[Records for the exercise Boundary: Start]

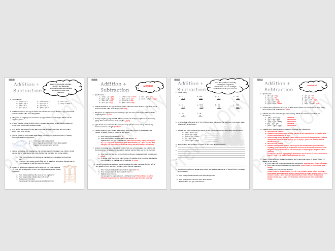 A set of differentiated worksheets to work on fluency of addition and subtraction, reasoning skills and deeper understanding and application of skills. They include basic number sums and word problems.
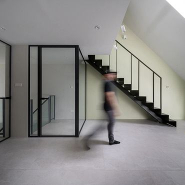Internally, the residence continues to embrace a classic black and white color scheme, a testament to timeless elegance. This monochromatic approach, along with the strategic use of larger windows, amplifies the natural light within, enhancing the sense of space and openness. The minimalist yet sophisticated decor stands as a serene counterpoint to the vibrant cityscape beyond. rebuild and submissions Landed properties Terrace Houses design and build
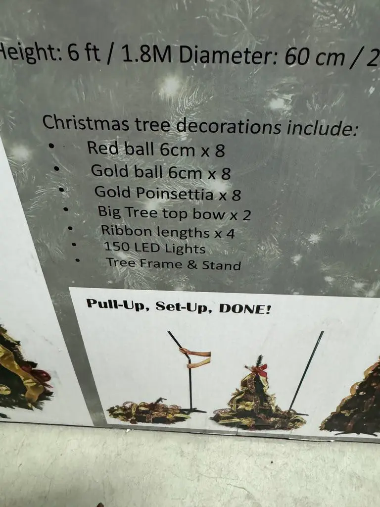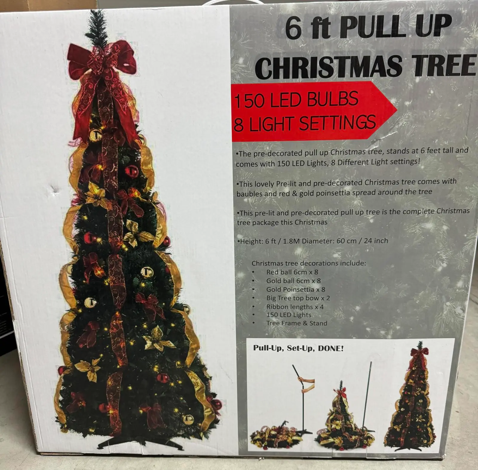 Thomas Kinkade Pre Lit Pull Up Christmas Tree Decorated 6ft pull-up Christmas tree from the Bradford Exchange. Featuring beautiful decorations by Thomas Kinkade, this tree is perfect for any holiday occasion. Its unique design allows for easy setup and storage, making it a convenient choice for any home.
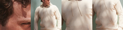Double lined hood. Drawstring at neckline. Double stitched pouched pocket, neck and armhole. Double stitched sleeve and waist rib. 1x1 athletic rib knit with Lycra®. Quarter-turned body to eliminate centre crease
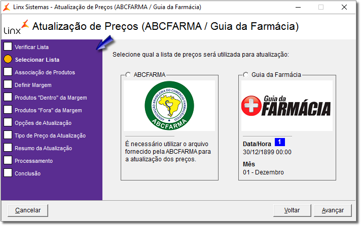 Se a lista selecionada for a ABCFarma verifique como utilizá-la através do artigo Nova atualização de preços pela ABCFarma.
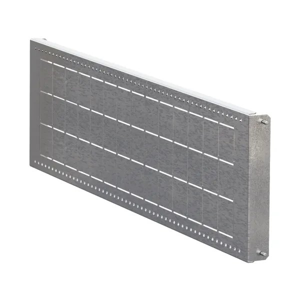 Элементы секционирования предназначены для внутреннего разделения НКУ до формы 4б. Изготовленные из стали 1,5 мм, они обладают высокой прочностью. Все комплектующие поставляются с крепежом, готовы к монтажу. Перфорация на элементах позволяет без конструкторской документации, простым подсчетом квадратов, выполнить стандартную проходку. Перегородке можно придать любую правильную геометрию.
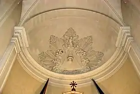 Le chœur est composé d'une travée de chœur et d'une abside semi-circulaire ornée d'une frise de denticules et couverte d'une voûte en cul-de-four, ornée d'un motif en stuc baroque représentant l'œil de la Providence, un œil figuré dans un triangle entouré de nuages, d'angelots et de rayons de lumière.
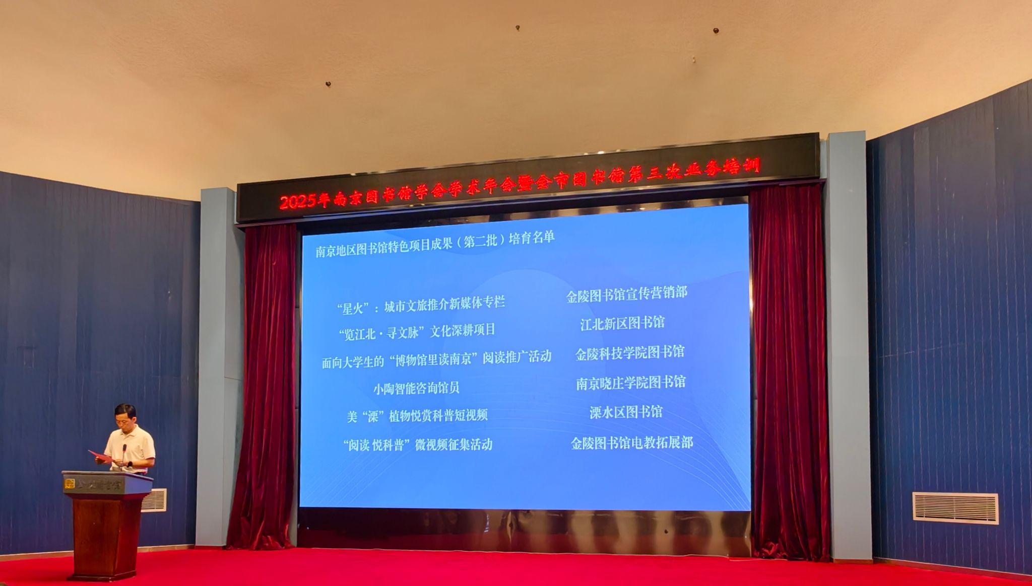 开幕式上,南京图书馆学会副理事长、我校图书馆馆长许晨受学会委托,宣读了南京地区图书馆特色项目成果(第二批)培育名单,该名单共包括金陵图书馆、江北新区图书馆等报送的6项成果。我校图书馆报送的“面向大学生的‘博物馆里读南京’阅读推广活动”成功入选。
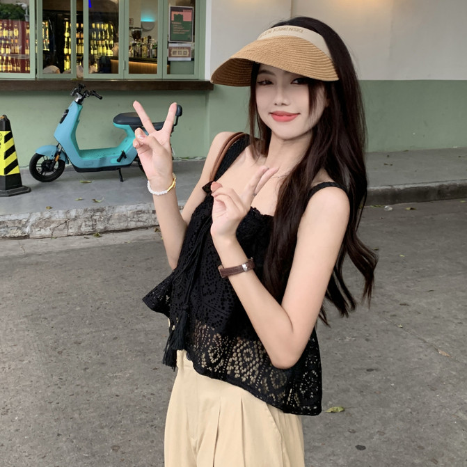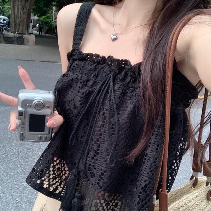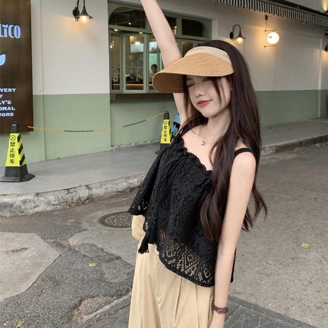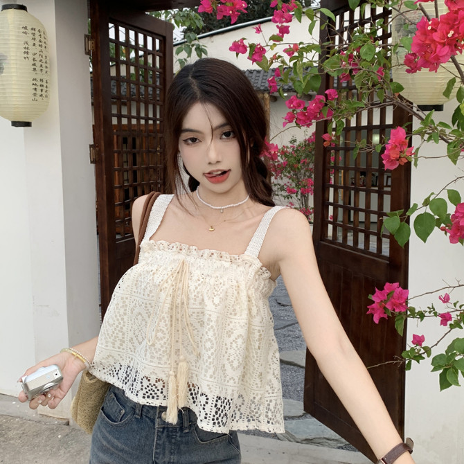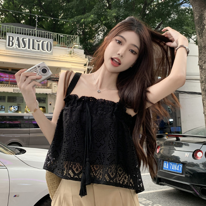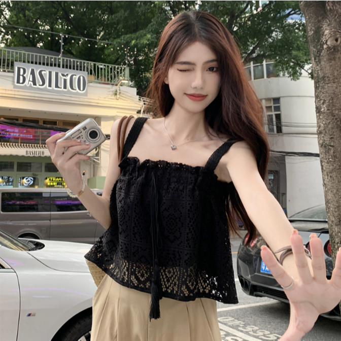 【ohi】甜辣純欲 縷空鈎花木耳邊蕾絲吊帶背心 平口寬鬆高級感 短款上衣 夏天衣服 女裝 GWH6491黑色,均碼-65KG以內都可穿|白色,均碼-65KG以內都可穿Tube TopsOHI衣著
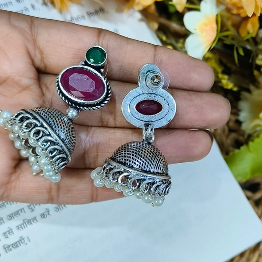 MONALISA STONE BRASS OXIDSED SILVER JHUMKA EARRINGS
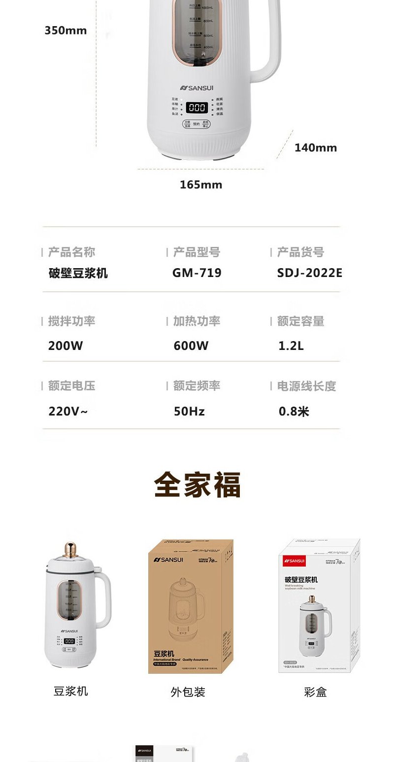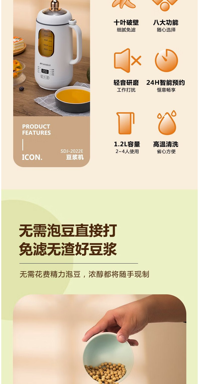 山水(SANSUI)豆浆机 SDJ-2022E 白色
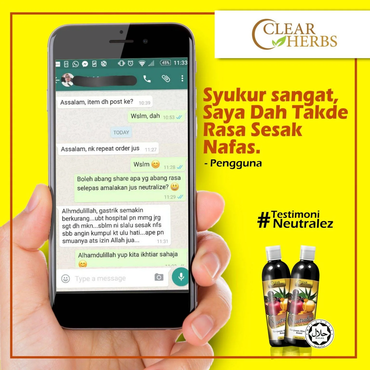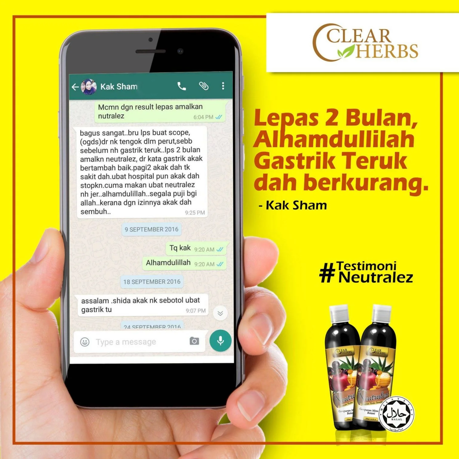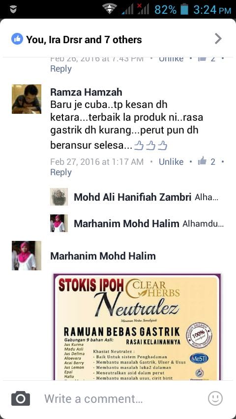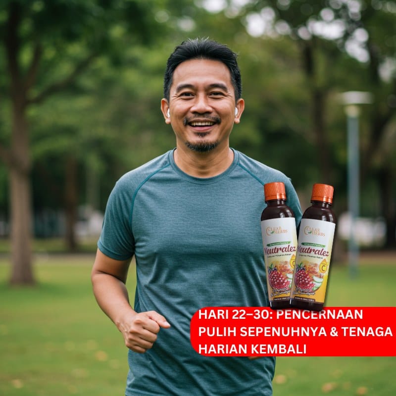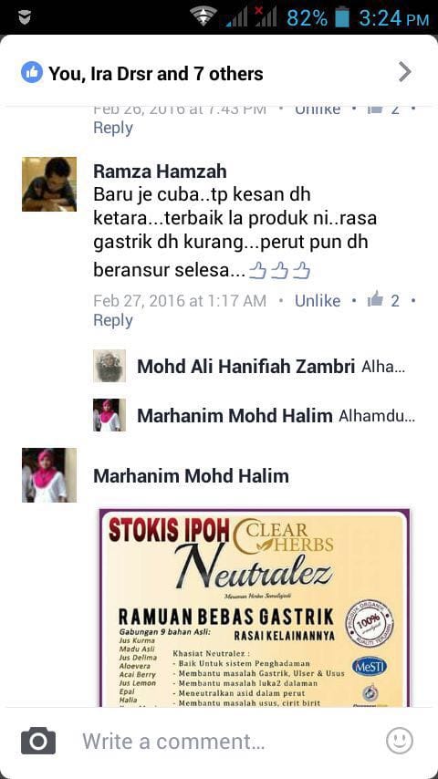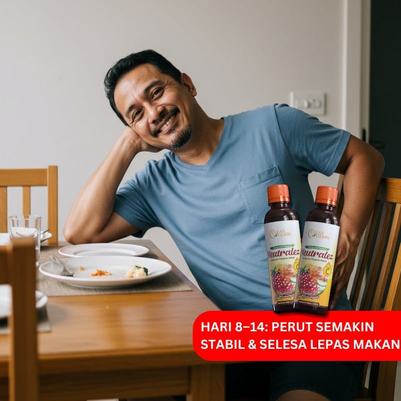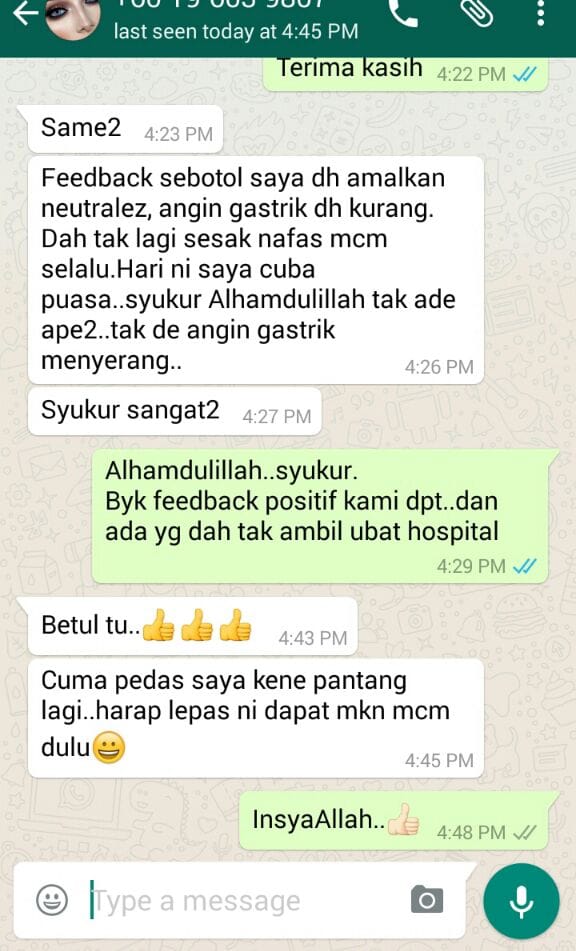 “Feedback sebotol saya dah amalkan Neutralez, angin gastrik dah kurang. Dah tak lagi sesak nafas macam selalu. Hari ni saya cuba puasa, syukur Alhamdulillah tak ada apa-apa, takde angin gastrik menyerang. Syukur sangat-sangat.”
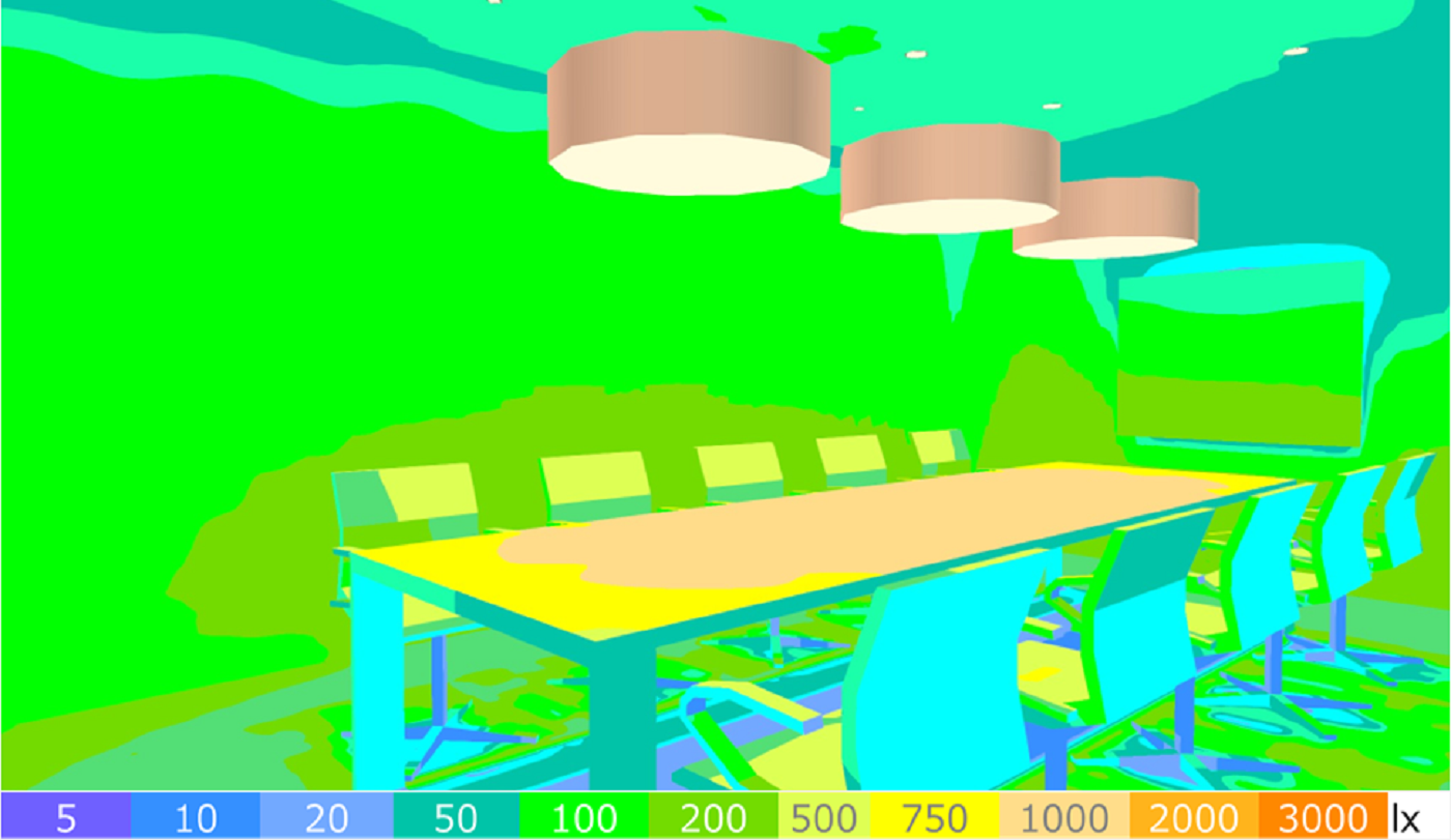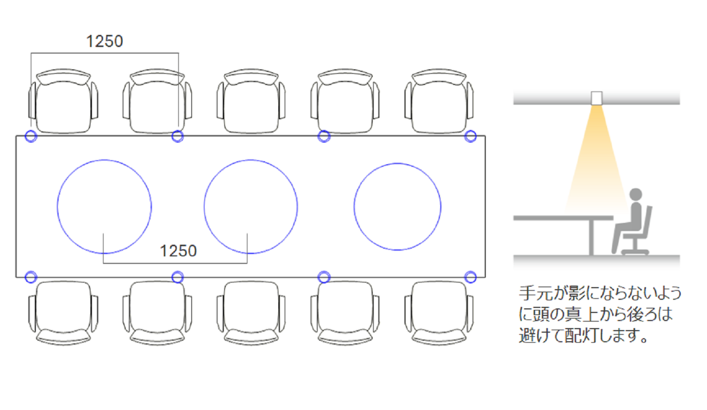 テーブル面を中心に光を届け、会議に適した明るさを確保します。

[Records for the exercise Boundary: End]

### Problem
Although the records contain pictures, the copy should consist of their text alone, reproduced exactly.

### Your solution
 A set of differentiated worksheets to work on fluency of addition and subtraction, reasoning skills and deeper understanding and application of skills. They include basic number sums and word problems.
Internally, the residence continues to embrace a classic black and white color scheme, a testament to timeless elegance. This monochromatic approach, along with the strategic use of larger windows, amplifies the natural light within, enhancing the sense of space and openness. The minimalist yet sophisticated decor stands as a serene counterpoint to the vibrant cityscape beyond. rebuild and submissions Landed properties Terrace Houses design and build
 Thomas Kinkade Pre Lit Pull Up Christmas Tree Decorated 6ft pull-up Christmas tree from the Bradford Exchange. Featuring beautiful decorations by Thomas Kinkade, this tree is perfect for any holiday occasion. Its unique design allows for easy setup and storage, making it a convenient choice for any home.
Double lined hood. Drawstring at neckline. Double stitched pouched pocket, neck and armhole. Double stitched sleeve and waist rib. 1x1 athletic rib knit with Lycra®. Quarter-turned body to eliminate centre crease
 Se a lista selecionada for a ABCFarma verifique como utilizá-la através do artigo Nova atualização de preços pela ABCFarma.
 Элементы секционирования предназначены для внутреннего разделения НКУ до формы 4б. Изготовленные из стали 1,5 мм, они обладают высокой прочностью. Все комплектующие поставляются с крепежом, готовы к монтажу. Перфорация на элементах позволяет без конструкторской документации, простым подсчетом квадратов, выполнить стандартную проходку. Перегородке можно придать любую правильную геометрию.
 Le chœur est composé d'une travée de chœur et d'une abside semi-circulaire ornée d'une frise de denticules et couverte d'une voûte en cul-de-four, ornée d'un motif en stuc baroque représentant l'œil de la Providence, un œil figuré dans un triangle entouré de nuages, d'angelots et de rayons de lumière.
 开幕式上,南京图书馆学会副理事长、我校图书馆馆长许晨受学会委托,宣读了南京地区图书馆特色项目成果(第二批)培育名单,该名单共包括金陵图书馆、江北新区图书馆等报送的6项成果。我校图书馆报送的“面向大学生的‘博物馆里读南京’阅读推广活动”成功入选。
 【ohi】甜辣純欲 縷空鈎花木耳邊蕾絲吊帶背心 平口寬鬆高級感 短款上衣 夏天衣服 女裝 GWH6491黑色,均碼-65KG以內都可穿|白色,均碼-65KG以內都可穿Tube TopsOHI衣著
 MONALISA STONE BRASS OXIDSED SILVER JHUMKA EARRINGS
 山水(SANSUI)豆浆机 SDJ-2022E 白色
 “Feedback sebotol saya dah amalkan Neutralez, angin gastrik dah kurang. Dah tak lagi sesak nafas macam selalu. Hari ni saya cuba puasa, syukur Alhamdulillah tak ada apa-apa, takde angin gastrik menyerang. Syukur sangat-sangat.”
 テーブル面を中心に光を届け、会議に適した明るさを確保します。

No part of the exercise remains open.